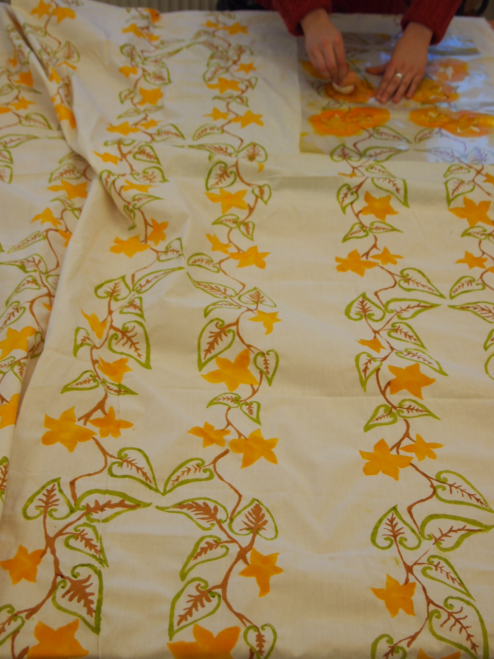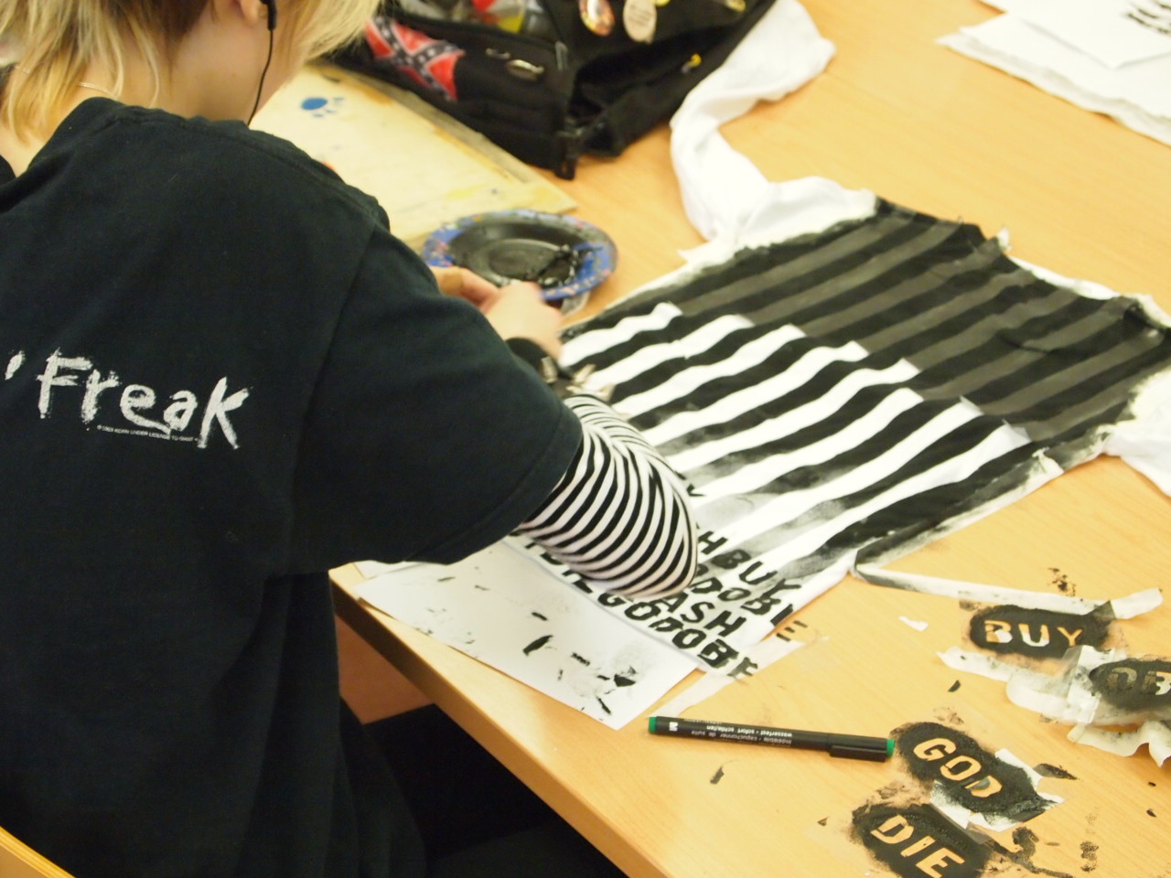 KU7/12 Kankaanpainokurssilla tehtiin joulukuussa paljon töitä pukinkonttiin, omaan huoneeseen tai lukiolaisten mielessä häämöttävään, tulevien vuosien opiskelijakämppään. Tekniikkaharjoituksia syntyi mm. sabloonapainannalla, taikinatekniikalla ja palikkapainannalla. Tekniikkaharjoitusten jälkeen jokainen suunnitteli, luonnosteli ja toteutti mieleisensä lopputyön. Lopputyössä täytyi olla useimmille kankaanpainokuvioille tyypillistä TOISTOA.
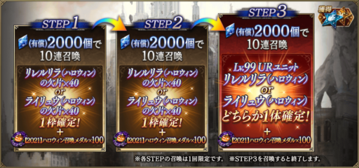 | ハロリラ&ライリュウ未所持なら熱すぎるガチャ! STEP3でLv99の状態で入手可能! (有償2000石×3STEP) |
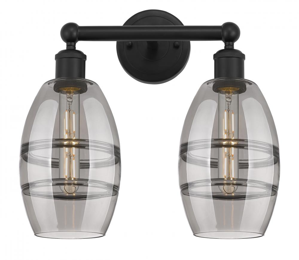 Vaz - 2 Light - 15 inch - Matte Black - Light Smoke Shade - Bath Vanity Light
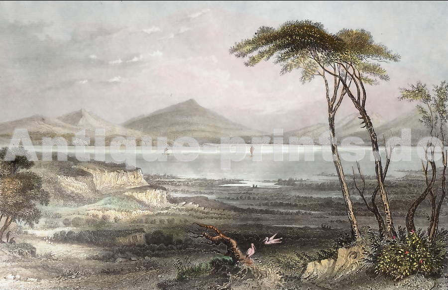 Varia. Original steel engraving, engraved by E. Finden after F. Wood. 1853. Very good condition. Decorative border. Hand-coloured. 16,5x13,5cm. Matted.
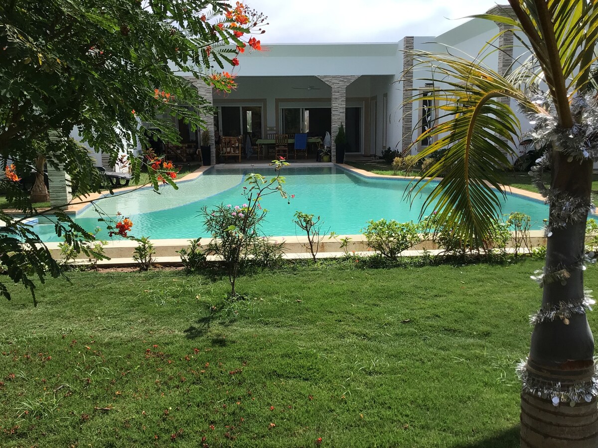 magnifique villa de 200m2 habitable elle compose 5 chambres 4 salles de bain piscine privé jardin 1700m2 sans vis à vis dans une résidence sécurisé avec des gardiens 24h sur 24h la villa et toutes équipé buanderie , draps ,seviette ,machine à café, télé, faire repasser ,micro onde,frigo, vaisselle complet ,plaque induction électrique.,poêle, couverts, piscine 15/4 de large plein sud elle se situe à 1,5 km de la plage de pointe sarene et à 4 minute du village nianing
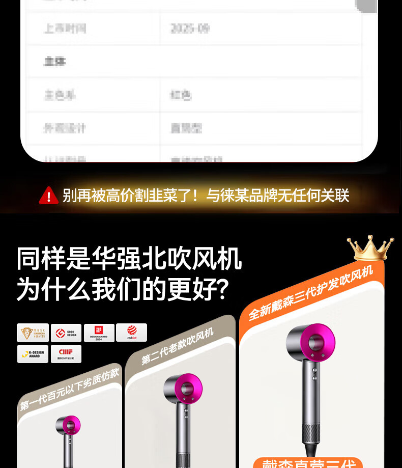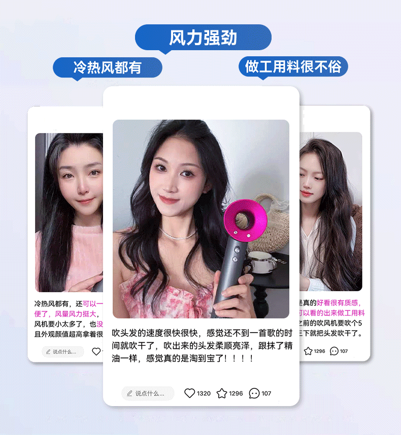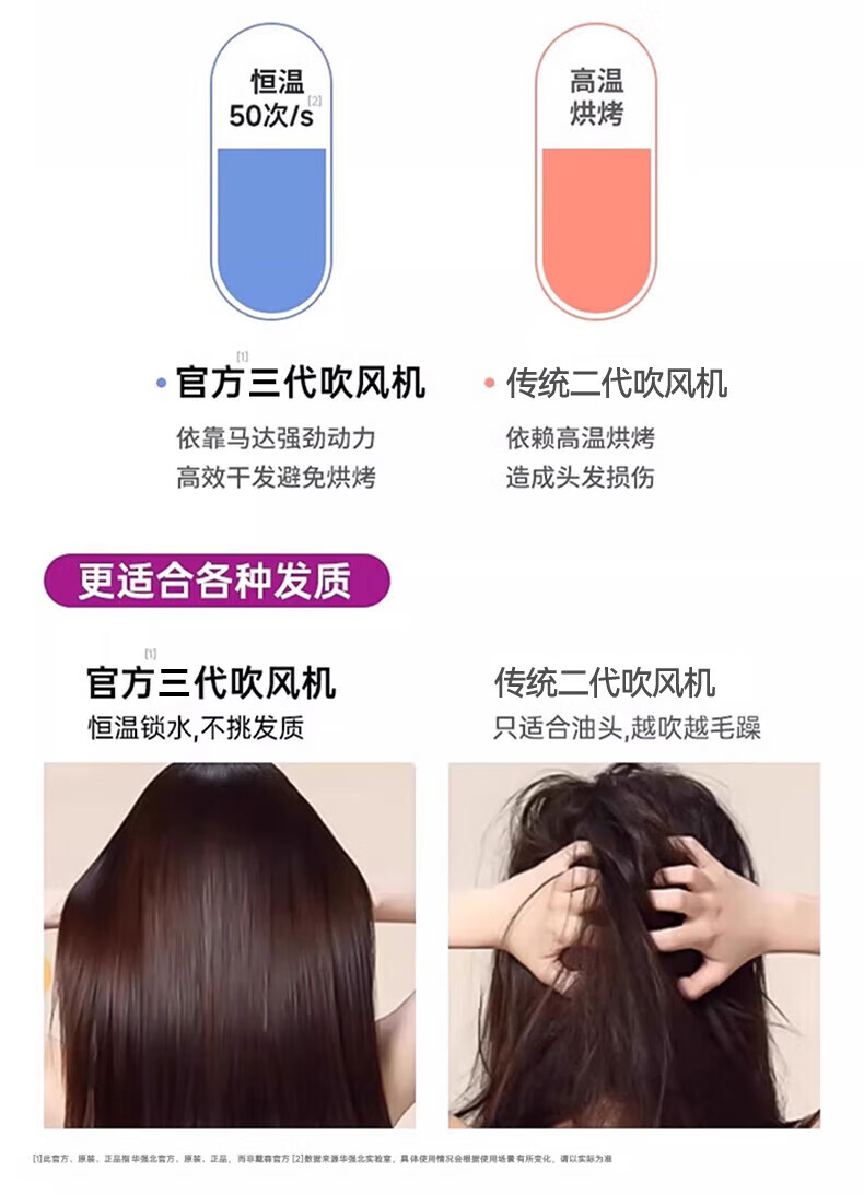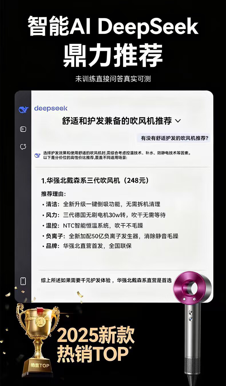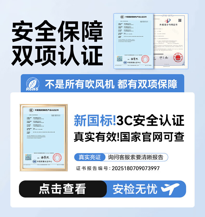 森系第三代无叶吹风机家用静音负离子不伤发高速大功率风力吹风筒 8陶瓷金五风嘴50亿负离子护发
____________
EXERCISE REQUIREMENTS: Write out every line above exactly as it is, leaving out the pictures.

SOLUTION FOR THIS TASK:
 KU7/12 Kankaanpainokurssilla tehtiin joulukuussa paljon töitä pukinkonttiin, omaan huoneeseen tai lukiolaisten mielessä häämöttävään, tulevien vuosien opiskelijakämppään. Tekniikkaharjoituksia syntyi mm. sabloonapainannalla, taikinatekniikalla ja palikkapainannalla. Tekniikkaharjoitusten jälkeen jokainen suunnitteli, luonnosteli ja toteutti mieleisensä lopputyön. Lopputyössä täytyi olla useimmille kankaanpainokuvioille tyypillistä TOISTOA.
 | ハロリラ&ライリュウ未所持なら熱すぎるガチャ! STEP3でLv99の状態で入手可能! (有償2000石×3STEP) |
 Vaz - 2 Light - 15 inch - Matte Black - Light Smoke Shade - Bath Vanity Light
 Varia. Original steel engraving, engraved by E. Finden after F. Wood. 1853. Very good condition. Decorative border. Hand-coloured. 16,5x13,5cm. Matted.
 magnifique villa de 200m2 habitable elle compose 5 chambres 4 salles de bain piscine privé jardin 1700m2 sans vis à vis dans une résidence sécurisé avec des gardiens 24h sur 24h la villa et toutes équipé buanderie , draps ,seviette ,machine à café, télé, faire repasser ,micro onde,frigo, vaisselle complet ,plaque induction électrique.,poêle, couverts, piscine 15/4 de large plein sud elle se situe à 1,5 km de la plage de pointe sarene et à 4 minute du village nianing
 森系第三代无叶吹风机家用静音负离子不伤发高速大功率风力吹风筒 8陶瓷金五风嘴50亿负离子护发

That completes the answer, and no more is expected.